So! It's the final week of NaNoWriMo A.K.A National Novel Writing Month. I can't believe I actually made it this far. With my habit of procrastination and other things, I usually drop projects but I'm surprised that I was very much intent on doing this. While I had strong start, it took a bit of incline about ten days in. The prospect of picking up after that was frightening as I had a lot to catch up on but I decided to set my goal to about 2.5k words a day. It's safe to say that I was surprised with myself and the amount of progress that I was able to make but now, as the final week is upon us, I can feel that momentum slowly leaving me.
I'm not sure if it's because I burnt out too much energy on it or allowed it to consume my mind, but whatever it is, it's starting to catch up and I have to say I'm having a hard time shaking it off. I definitely don't intend to quit on the final week; I've worked too hard to do that.
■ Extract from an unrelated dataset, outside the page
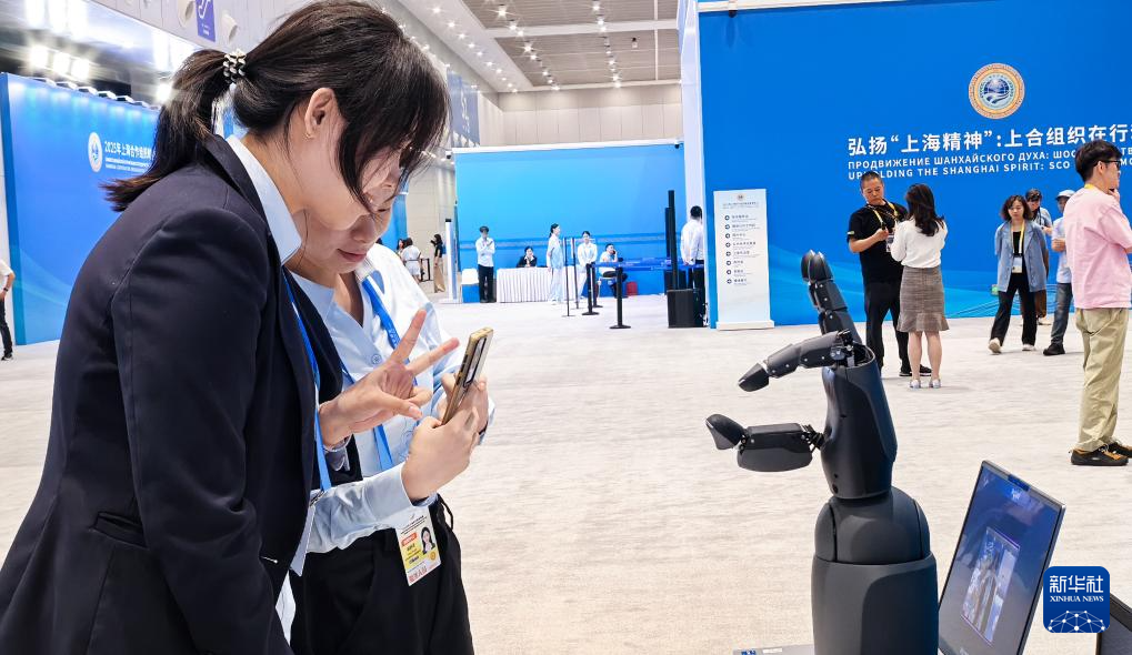 8月30日,两名女士在2025年上海合作组织峰会新闻中心与机器人灵巧手互动。该机器人灵巧手具有超高自由度和多维触觉精细力控。

This journey has given me a bit of perspective on what it's like to be a writer or at least try to be one. I've always felt that I had nothing worth sharing, nothing anyone would be interested in reading, I even feel that way about my blog sometimes but NaNoWriMo certainly helped me break through that barrier of fear mostly because I was forced to write. Having been forced to write due to this challenge, I feel like maybe another doorway of creativity had been opened for me to explore and for that I am truly grateful.
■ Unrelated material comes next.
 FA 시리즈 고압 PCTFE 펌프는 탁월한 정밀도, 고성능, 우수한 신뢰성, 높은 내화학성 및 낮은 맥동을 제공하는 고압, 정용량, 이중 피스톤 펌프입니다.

I also have a new found respect and appreciation for writers and authors all over the world. It is definitely a lot harder than it truly seems and the process is frustrating. As much as there moments of inspiration where your fingers are just gliding across the keyboard, filling the page with word after word, bringing more life to your story but then there are other moments, moments of doubt, moments of just blankness where nothing comes to mind; where all you can do is either stare blankly at the page or just find something else to do to distract you from your current state of dismay and useless.
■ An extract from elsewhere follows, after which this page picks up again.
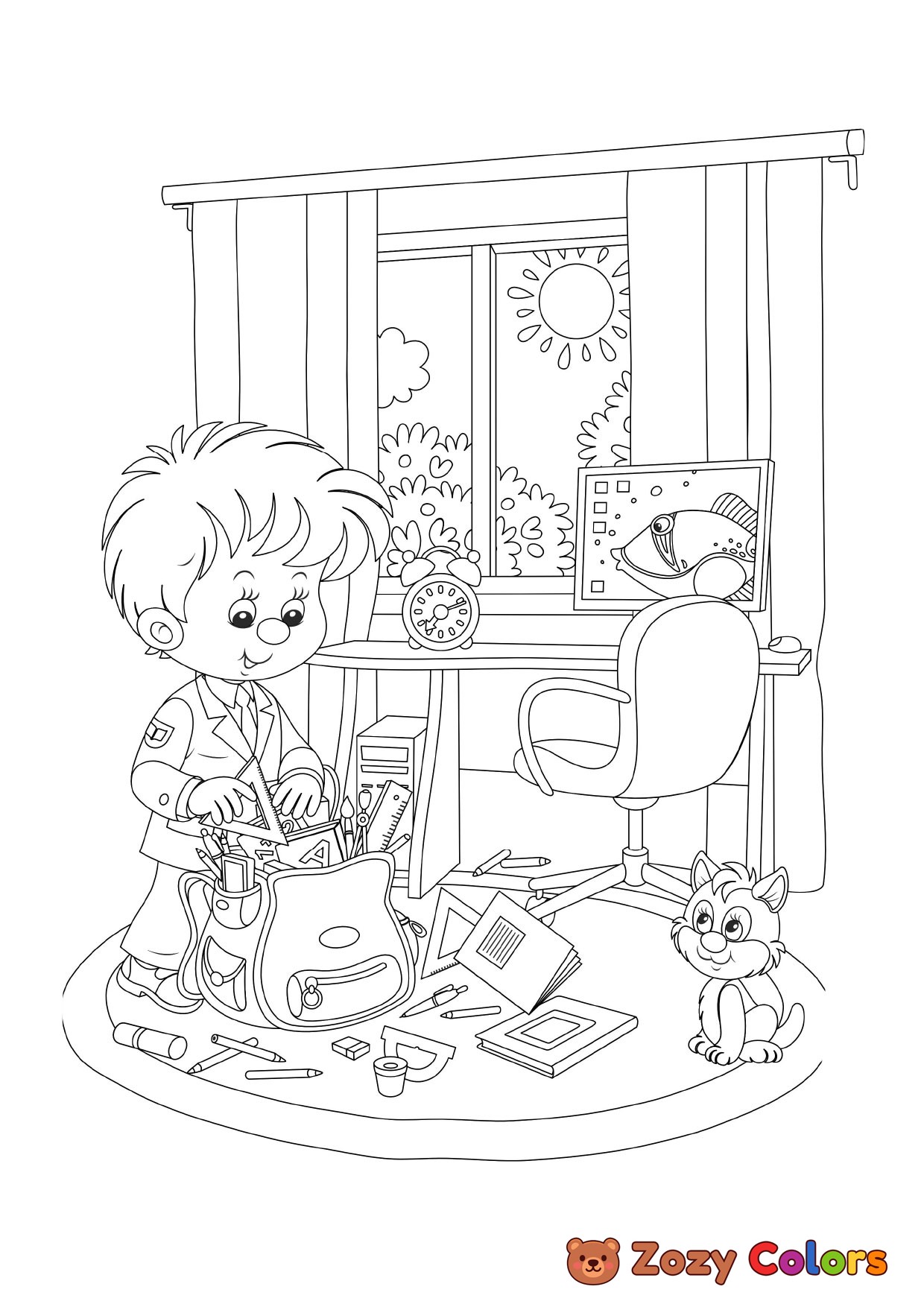 Boy preparing for school. Coloring page to print or download and color for your kids.

That's currently where I am in this final week but I intend to break out of it one way or another.
Thank you NaNoWriMo for this wonderful experience, I will most certainly come back next year.
National Blog Posting Month; oh how I had high hopes for you though with trying to do NaNoWriMo among other things, it was just too hard to manage. I would have liked to join the hundreds doing it but alas, things just didn't work out. I would certainly love to try it again next year. For the five days that I've lasted, it's been lovely.
Thank you for the lovely but very short experience.